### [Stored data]
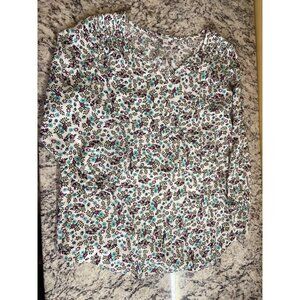 Sonoma Womens Floral Tunic Blouse Small Rayon VNeck 3/4 Sleeve Cottagecore
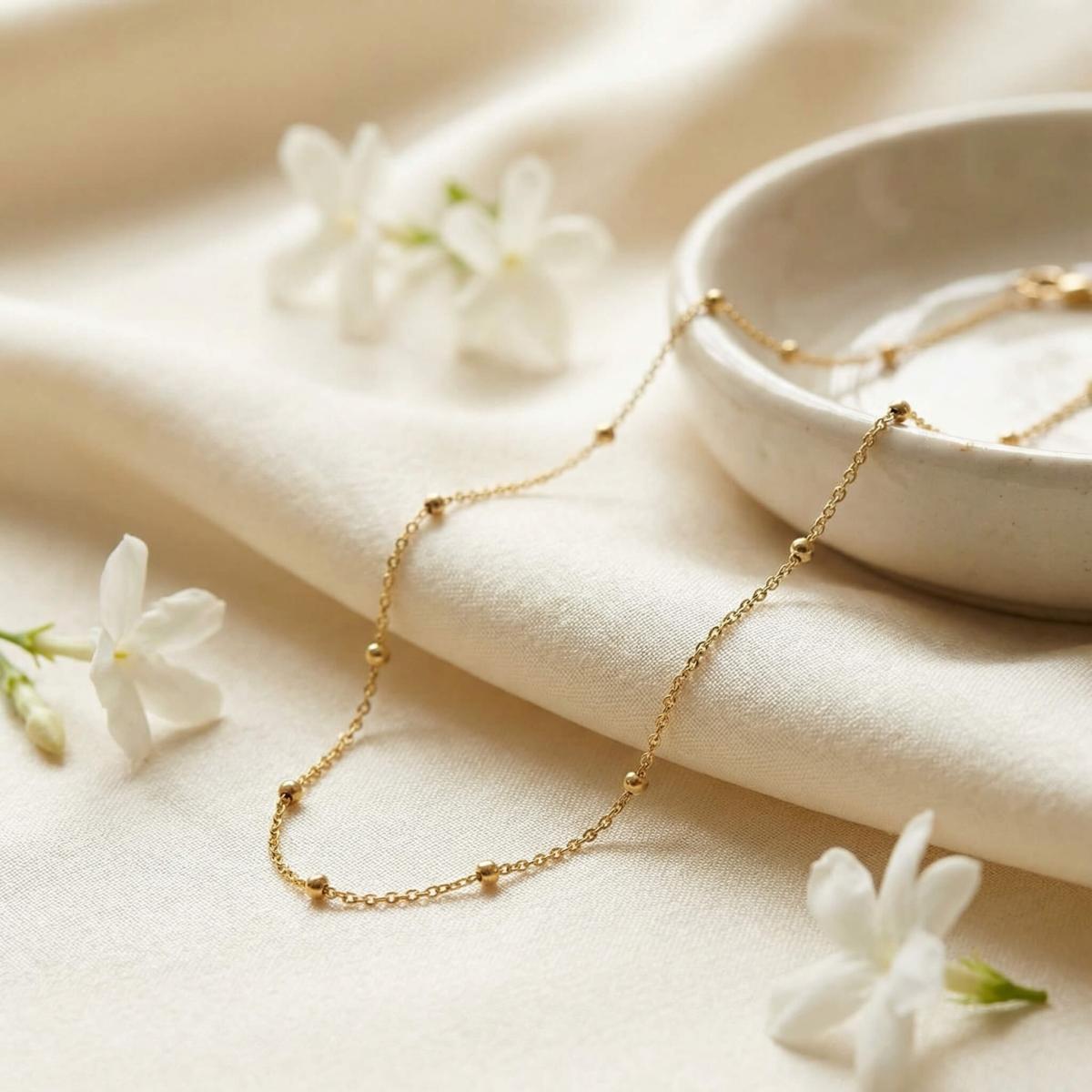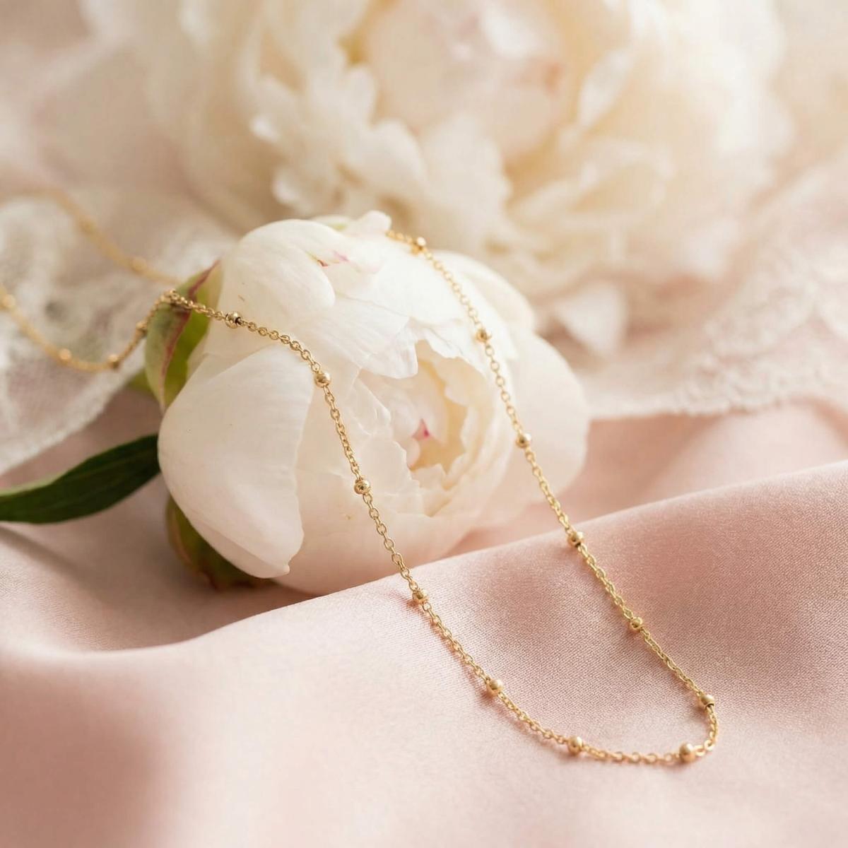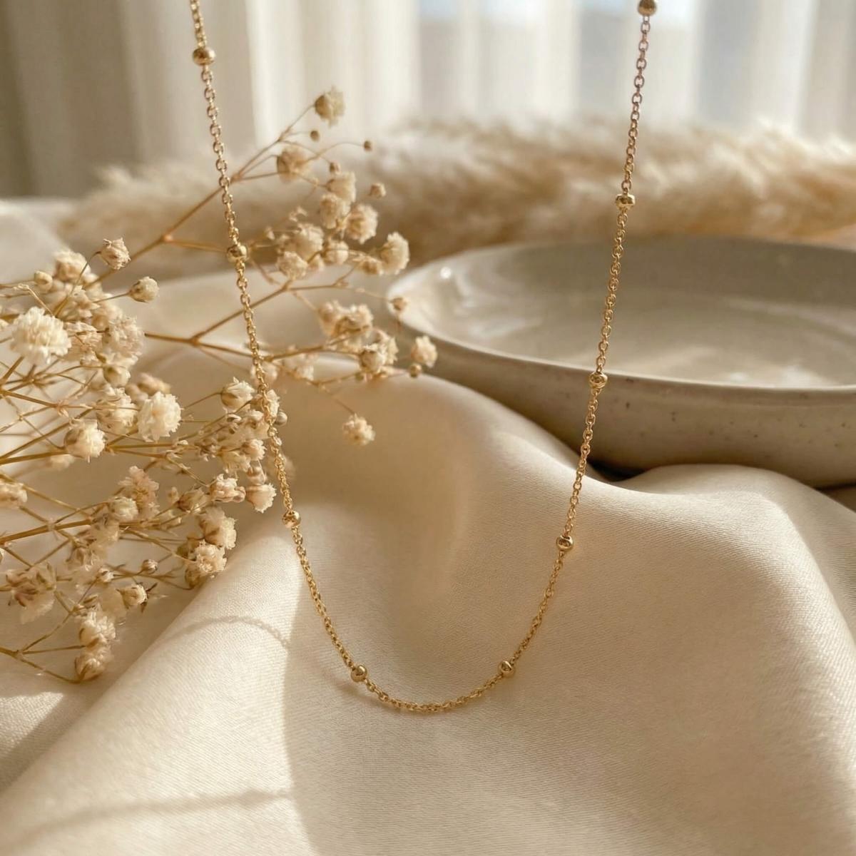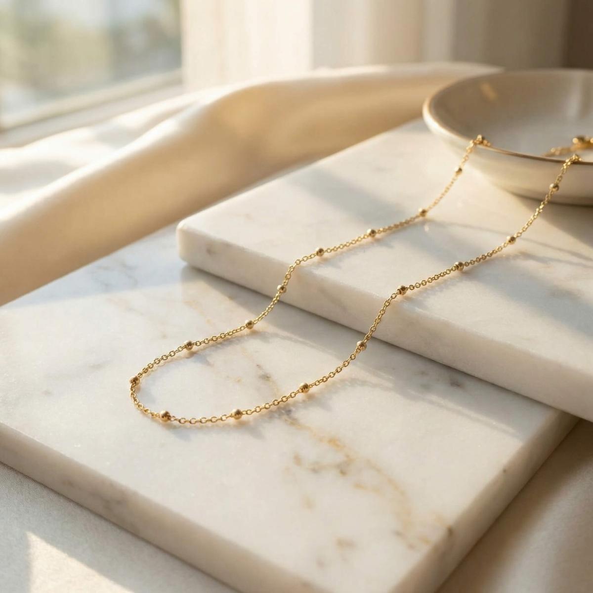 Нежно златно колие изработено от 14-каратово злато с малки топчета
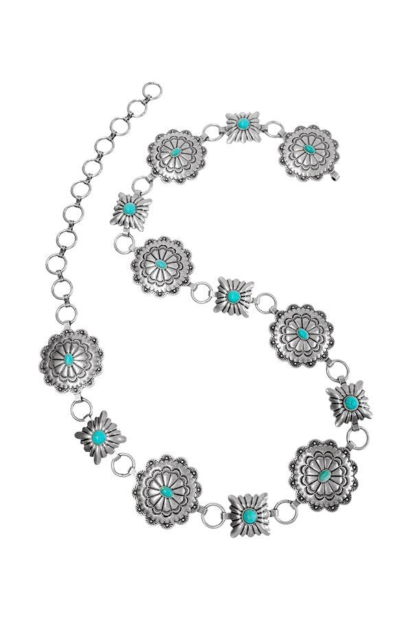 Western Metal Concho with Turquoise Accent Chain BeltEnd to end length: 44 Inches (36 + 8 Inch Extension)Weight: 250 Grams Burnish silver color alloy casting7 Metal Conchos (Each Concho Measurement: 2.5 x 2.5 Inches) + 6 Small Metal Conchos
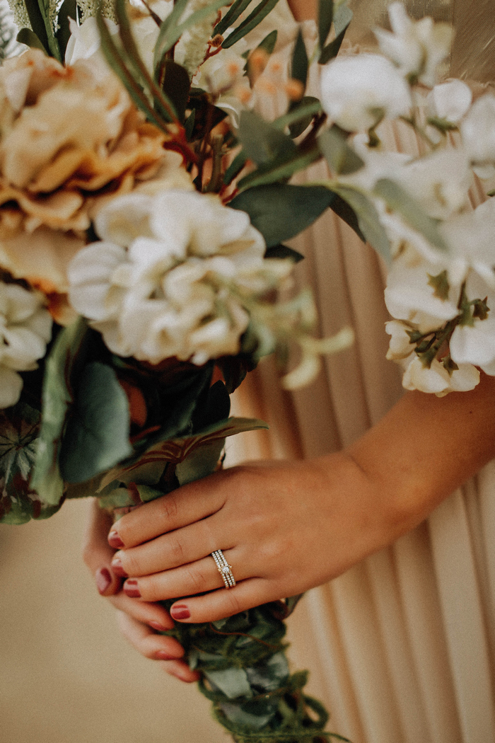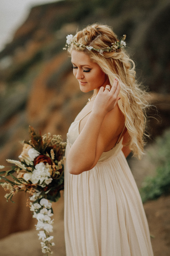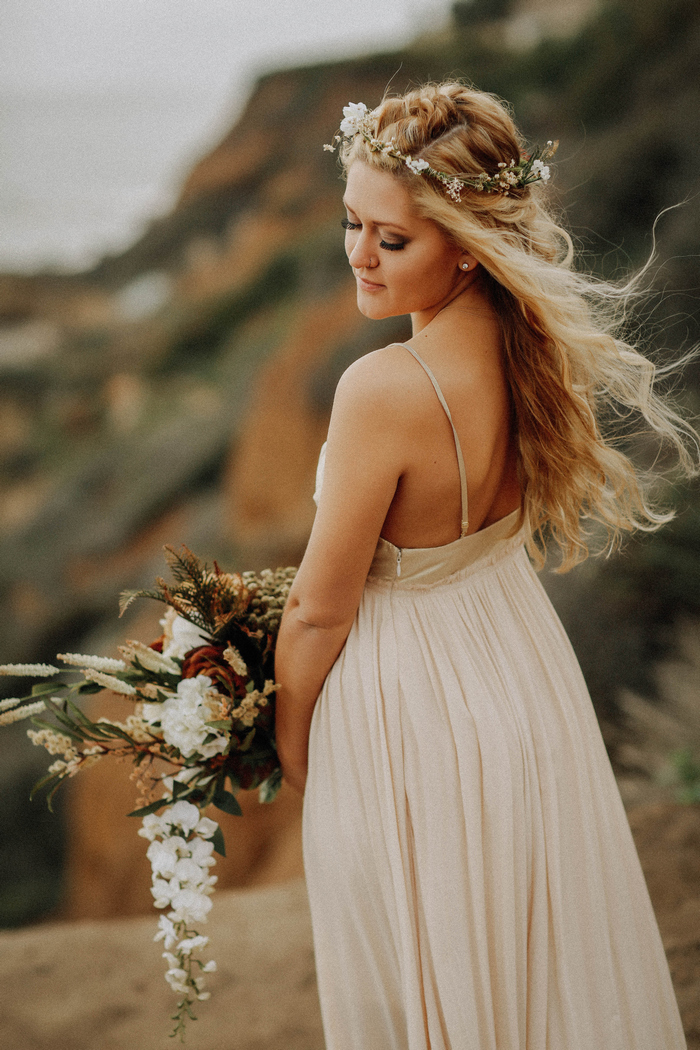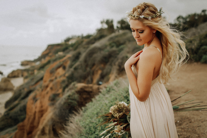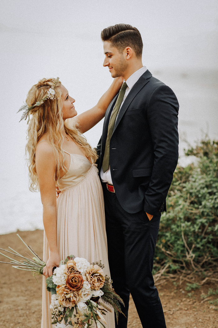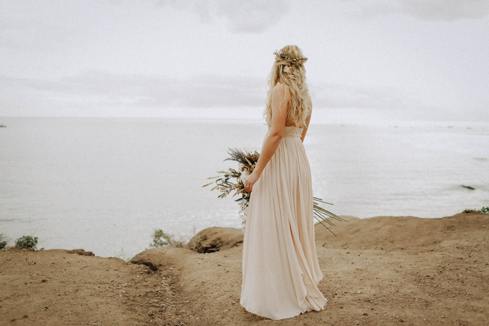 “I wanted to stylize a beachy, romantic, and intimate elopement on a budget. I wanted it to feel as authentic as possible without looking too editorial. The bride is naturally a very beach-vibe kind of gal, so finding a dress that suited her personality was important to me. We found her gown at Free People, and the groom’s suit at Zara. To save money, I styled the head crown and bouquet myself. These are two things I’d never done before, but I had so much fun playing around with different flowers and plants, I considered becoming a florist for a hot minute.
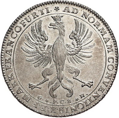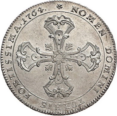 Los-Nummer: Auktion 51 - 791 Altdeutsche Münzen und Medaillen Frankfurt, Stadt Taler 1764. Nach links blickender Frankfurter Adler / Reich verziertes Kreuz. J.u.F. 831 e, Davenport 2223. Minimal justiert, vorzüglich - Stempelglanz Schätzpreis: 750,- Zuschlag: 600,- |
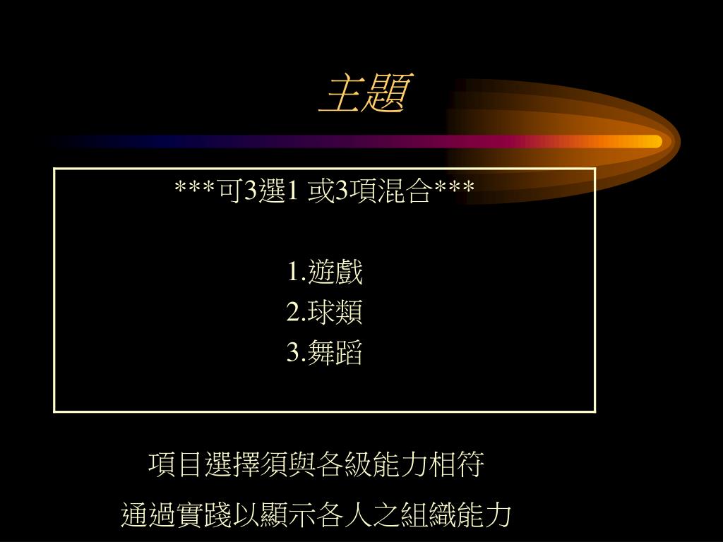 主題 項目選擇須與各級能力相符 通過實踐以顯示各人之組織能力

### [Work order]
Do not include images; quote all of the entries above exactly.

### [Exercise result]
 Sonoma Womens Floral Tunic Blouse Small Rayon VNeck 3/4 Sleeve Cottagecore
 Нежно златно колие изработено от 14-каратово злато с малки топчета
 Western Metal Concho with Turquoise Accent Chain BeltEnd to end length: 44 Inches (36 + 8 Inch Extension)Weight: 250 Grams Burnish silver color alloy casting7 Metal Conchos (Each Concho Measurement: 2.5 x 2.5 Inches) + 6 Small Metal Conchos
 “I wanted to stylize a beachy, romantic, and intimate elopement on a budget. I wanted it to feel as authentic as possible without looking too editorial. The bride is naturally a very beach-vibe kind of gal, so finding a dress that suited her personality was important to me. We found her gown at Free People, and the groom’s suit at Zara. To save money, I styled the head crown and bouquet myself. These are two things I’d never done before, but I had so much fun playing around with different flowers and plants, I considered becoming a florist for a hot minute.
 Los-Nummer: Auktion 51 - 791 Altdeutsche Münzen und Medaillen Frankfurt, Stadt Taler 1764. Nach links blickender Frankfurter Adler / Reich verziertes Kreuz. J.u.F. 831 e, Davenport 2223. Minimal justiert, vorzüglich - Stempelglanz Schätzpreis: 750,- Zuschlag: 600,- |
 主題 項目選擇須與各級能力相符 通過實踐以顯示各人之組織能力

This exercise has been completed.